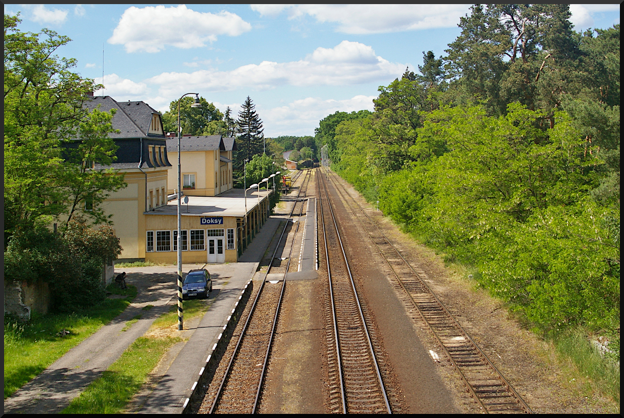 Wenn man den kleinen Bahnhof Doksy so sieht, könnte man meinen irgendwo in einer kleinen Stadt abseits vom regen Leben zu sein. Doch weit gefehlt. So unscheinbar er wirkt, bietet er nur wenige Gehminuten von hier entfernt ein großes Naherhohlungsgebiet mit dem Hirschberger Großteich, der eigendlich ein sehr großer See ist. Nicht weit entfernt liegt die Burg Bezděz, eine gotische Höhenburg. Doksy liegt im Okres Česká Lípa (Böhmisch Leipa), also in Nordböhmen. Die Stadt lebt hauptsächlich vom Tourismus, meistens den Ausflüglern zum Hirschberger Großteich, da dort auch Campingplätze zur Verfügung stehen. Mehr über Doksy: https://www.mesto-doksy.cz Das Foto vom Bahnhof wurde von einer Fußgängerbrücke über die Gleise am 22.05.2022 gemacht.
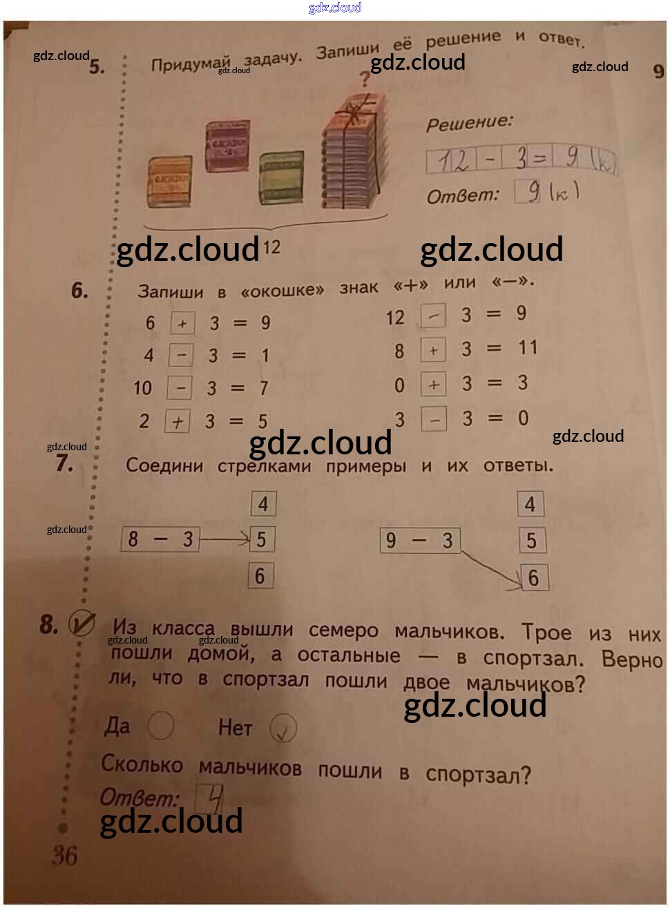 Ответ на задание 36 Рабочая тетрадь Математика за 1 (первый) класс Кочурова Начальная школа XXI века 2020
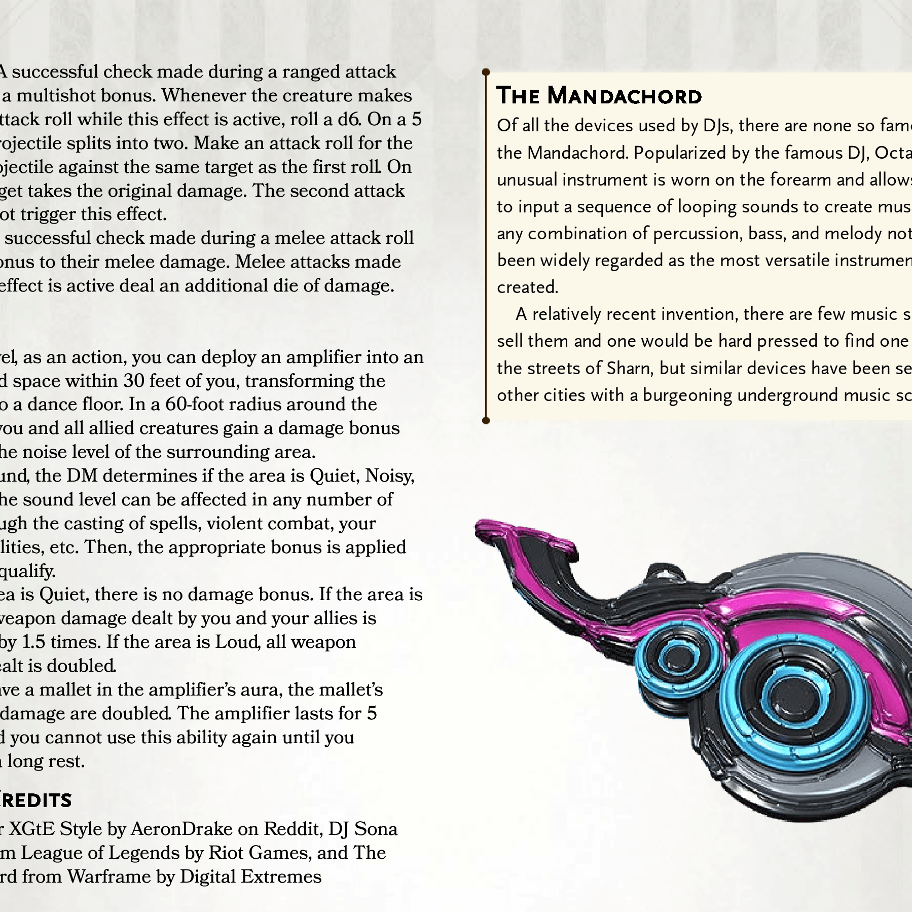I wanted to do another Warframe conversion and one for a class I sadly don’t have much content for. I did a single Bard subclass back when I first started and never went back for some reason. Octavia is the obvious choice for Bard since that’s literally what she is, but I’m giving it a bit more of a magitech vibe since all of her music stuff is through high tech instruments and gadgets. I actually thought about going Artificer for a bit but Bard was too perfect.

§ Your task: Leaving out every picture, extract verbatim the lines from the one containing "Ответ на задание" through the last line of the listing, inclusive.

§ Final answer:
 Ответ на задание 36 Рабочая тетрадь Математика за 1 (первый) класс Кочурова Начальная школа XXI века 2020
I wanted to do another Warframe conversion and one for a class I sadly don’t have much content for. I did a single Bard subclass back when I first started and never went back for some reason. Octavia is the obvious choice for Bard since that’s literally what she is, but I’m giving it a bit more of a magitech vibe since all of her music stuff is through high tech instruments and gadgets. I actually thought about going Artificer for a bit but Bard was too perfect.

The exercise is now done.